The results presented here are similar to a meta-analysis of 16 randomized, controlled studies ≥12 weeks in duration that examined the efficacy of DPP-4 inhibitors, including saxagliptin, compared with placebo in adults with T2D [52]. The reduction from baseline in A1C was greater with DPP-4 inhibitors versus placebo (weighted mean difference [95% CI] –0.74% [–0.85%, –0.62%]; 16 studies), with similar efficacies observed when used as a monotherapy or add-on therapy [52]. The magnitude of A1C reduction in the current analysis with saxagliptin (–0.55% [ –0.63%, –0.47%]) was slightly lower than that obtained with either vildagliptin (–0.73% [–0.94%, –0.52%]; 9 studies) or sitagliptin (–0.74% [–0.84%, –0.63%]; 7 studies), but this may be explained by differences in clinical study design, such as baseline A1C, T2D duration, concomitant glucose-lowering agents, study duration, run-in period, and washout [52]. Similar to the analyses reported here for saxagliptin, a greater percentage of patients achieved A1C <7% (43% vs 17%; 9 studies) and there was a greater reduction in FPG (weighted mean difference, –18 [–22, –14] mg/dL; 15 studies) with DPP-4 inhibitors versus placebo. Neutral effects of DPP-4 inhibitors versus placebo on nonglycemic parameters such as body weight and lipids were also observed [52]. These neutral effects on weight and lipids are consistent with our meta-analysis. Weight neutrality is a desirable attribute for a glucose-lowering agent, given the association of obesity with CVD morbidity and mortality.

In addition to efficacy, the safety and risk–benefit profiles of glucose-lowering agents are important considerations when selecting appropriate therapies for patients. This report does not include a safety analysis because a previously published pooled analysis of 20 randomized controlled studies, including 13 of the studies in the current meta-analysis, demonstrated the safety and tolerability of saxagliptin when used as a monotherapy or add-on therapy [34]. Analysis of these 20 studies found that the incidence rates (per 100 patient-years) of serious adverse events (saxagliptin, 7.3; control, 7.2) and discontinuations due to adverse events (saxagliptin, 4.2; control, 3.9) with saxigliptin were similar to those obtained with the control, and were consistent irrespective of age and sex. Compared with the controls, premature discontinuation rates with saxagliptin were similar in eight studies, higher in three studies, and lower in nine studies [34].

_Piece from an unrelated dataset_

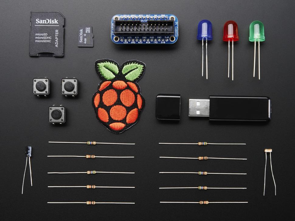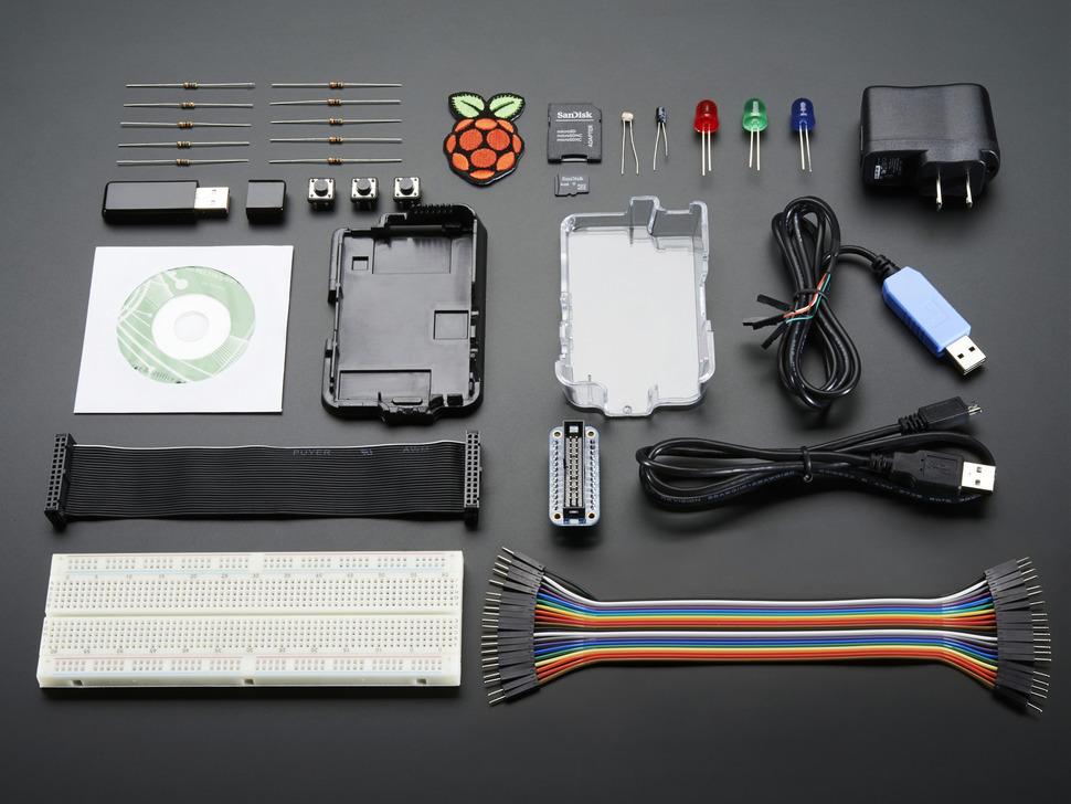 Empieza a hackear tu Pi rápidamente con el Paquete de Inicio Adafruit para Raspberry Pi . Incluye todo lo necesario para poner tu Pi a funcionar rápidamente, sin necesidad de soldaduras, ya que el Cobbler viene preensamblado. Ten en cuenta que este paquete no es compatible con el Modelo B+ ni con Raspberry Pi 2, ni incluye la Raspberry Pi 1 Modelo B.
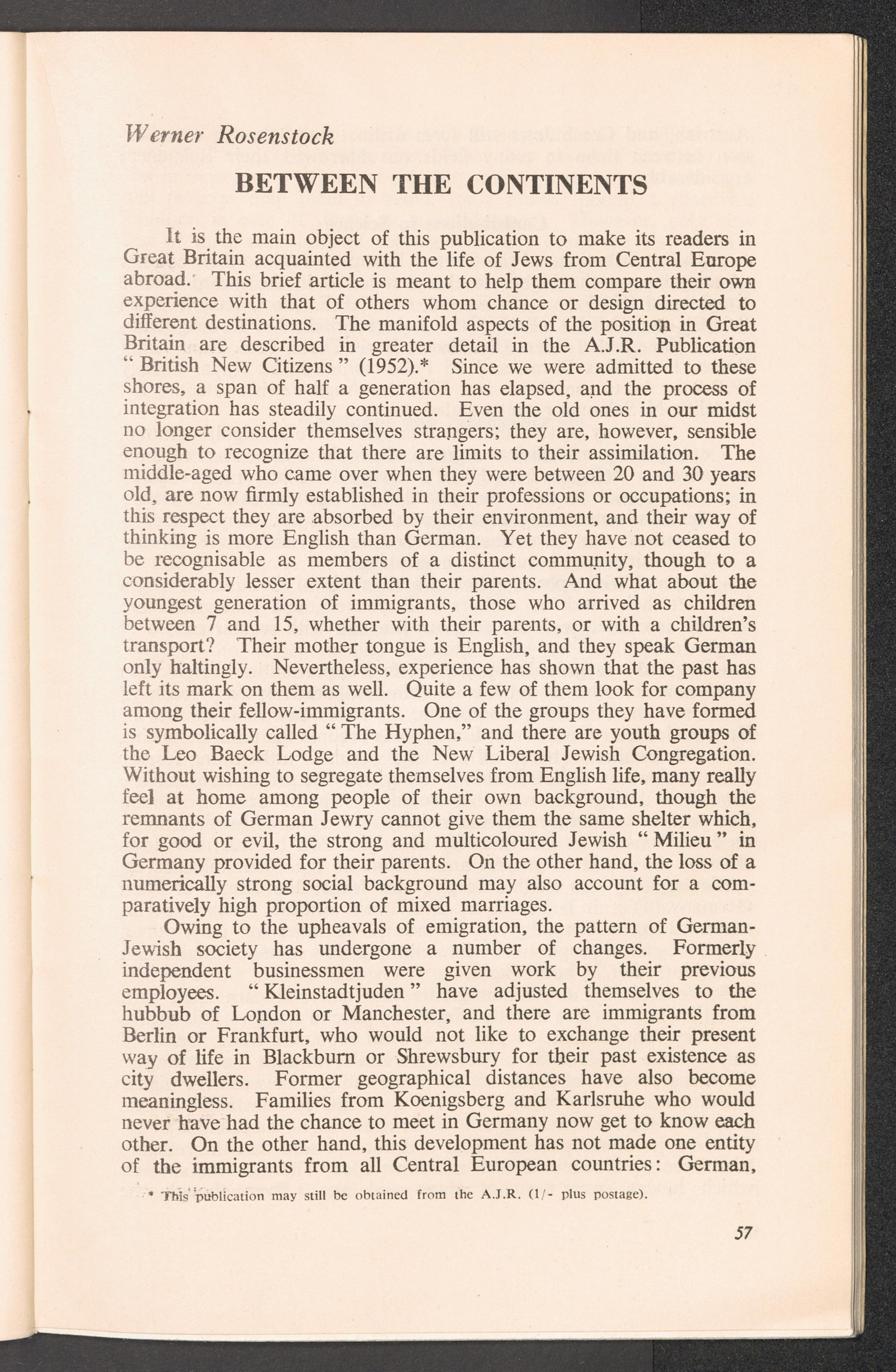 PDF 57 Werner Rosenstock: Between the Continents

The limitations of our analyses are the small number of studies in some treatment regimens and the inclusion of only a single study for some treatment regimen categories. Because these analyses were limited to studies 12 or 24 weeks in duration, the durability of the efficacy of saxagliptin could not be evaluated. However, the long-term efficacy of saxagliptin was demonstrated previously [53]. Although we recognize these limitations, our study has several strengths. Its large size is representative of a heterogeneous patient population, and the included studies were randomized, double-blind, placebo- or active-controlled studies. The inclusion of a broad patient population allowed for subgroup analysis, which demonstrated the efficacy of saxagliptin across subgroups defined by age, sex, or geographical location.

Conclusion

Improving glycemic control is of the utmost importance when attempting to slow the progression of T2D and prevent microvascular complications. Thus, glucose-lowering agents such as saxagliptin with glycemic efficacy, a low risk for hypoglycemia, and neutral effects on metabolic end points are advantageous. The consistency of saxagliptin efficacy in different patient subgroups with T2D and across treatment regimens, as shown here, demonstrates its usefulness in a broad range of treatment settings.